3.5-mill tax hike for Panther Valley
Panther Valley’s 2019-20 budget will include a tax increase.
Before adopting the proposed budget this week, Wayne Gryzik resigned from his position as board president. Gary Porembo, who was vice president, took up the mantle.
He changed the agenda’s order, making the budget the board’s first priority.
“Right now, before we go any further in our meeting, we have got to pass a budget, or there’s no sense in having a meeting,” Porembo said.
The budget introduces a 3.5 mill increase for Carbon County residents; Schuylkill will see a 3.39 mill hike. Even before the rise, the impoverished district had the highest real estate tax millage in the county.
“When you go through everything that we’re going to be spending, we have to increase our taxes,” Porembo said.
“I hope everybody goes for it, because if not, I don’t know what we will do,” he said.
Panther Valley’s budget lays out expenses totaling $28,109,879, up more than $1 million from last year’s expenditures. According to the district’s 2019-20 budget, the general fund will have $680,000 left at the end of the fiscal year.

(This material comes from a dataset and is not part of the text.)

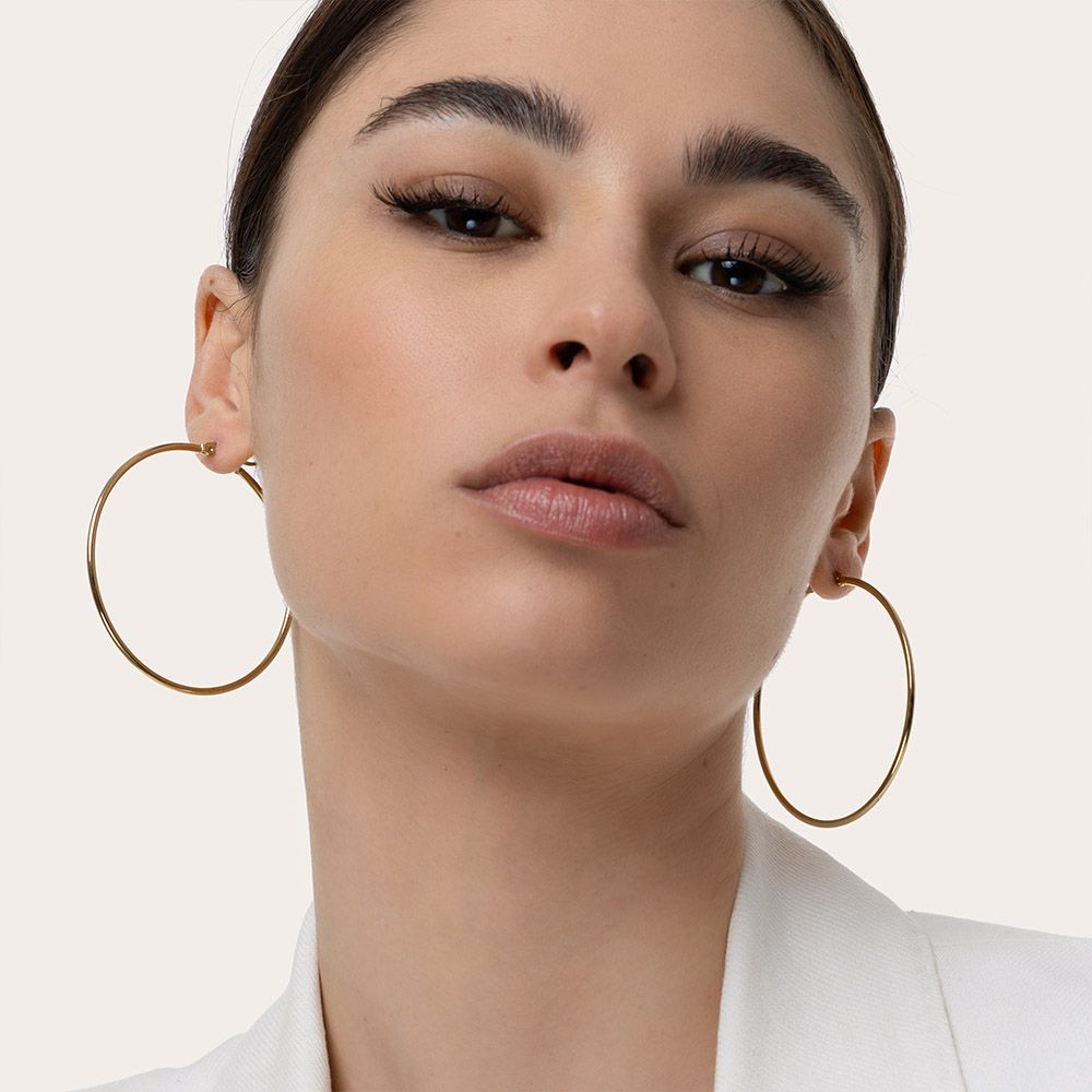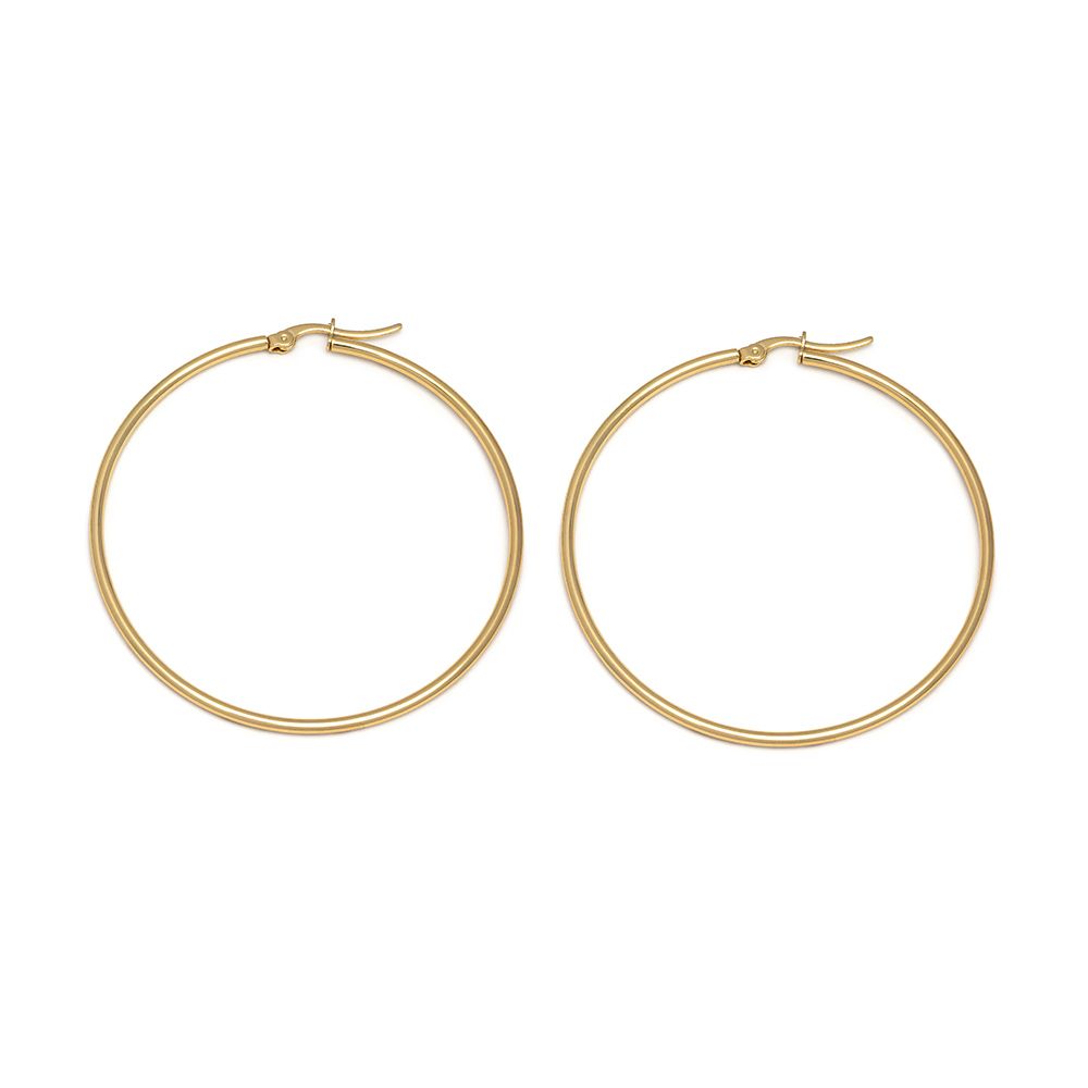 Orecchini a cerchio in acciaio gold plated modello maxi hoops dal design minimal e intramontabile. Un vero evergreen, facile da indossare e abbinare in ogni contesto. Un dettaglio essenziale per creare un evening look d'eccezione o rendere alla moda i tuoi outfit quotidiani. Chiusura a baionetta. Diametro 5,5 cm. Nickel tested.

Superintendent Dennis Kergick said the district has budgeted an additional $700,000 in special education costs. Cyber and charter costs will also increase by roughly $200,000, along with the district’s Public School Employees’ Retirement System expenses.
Kergick said while Panther Valley’s special education costs have raised steadily each year, revenues from the state have remained the same.
Porembo and Gryzik, along with board secretary Renee DeMelfi and board members Steven Foster and William Mansberry voted to adopt the proposed 2019-20 budget. Irene Genther gave the only opposing vote.
The board has increased taxes four times over the last 10 years, according to business manager Kenneth Marx.
“We have to start tightening the belt,” Mansberry said following the vote.
Board members asked the public for help with cutting expenses in February, after passing a preliminary budget that proposed raising taxes by about 2 percent. The school faced a budget deficit with few ways to cut costs, said the school board’s finance committee.
At that time, they approved budgets for Lehigh Carbon Community College, Lehigh Intermediate Unit 21 and Carbon Career and Technical Institute.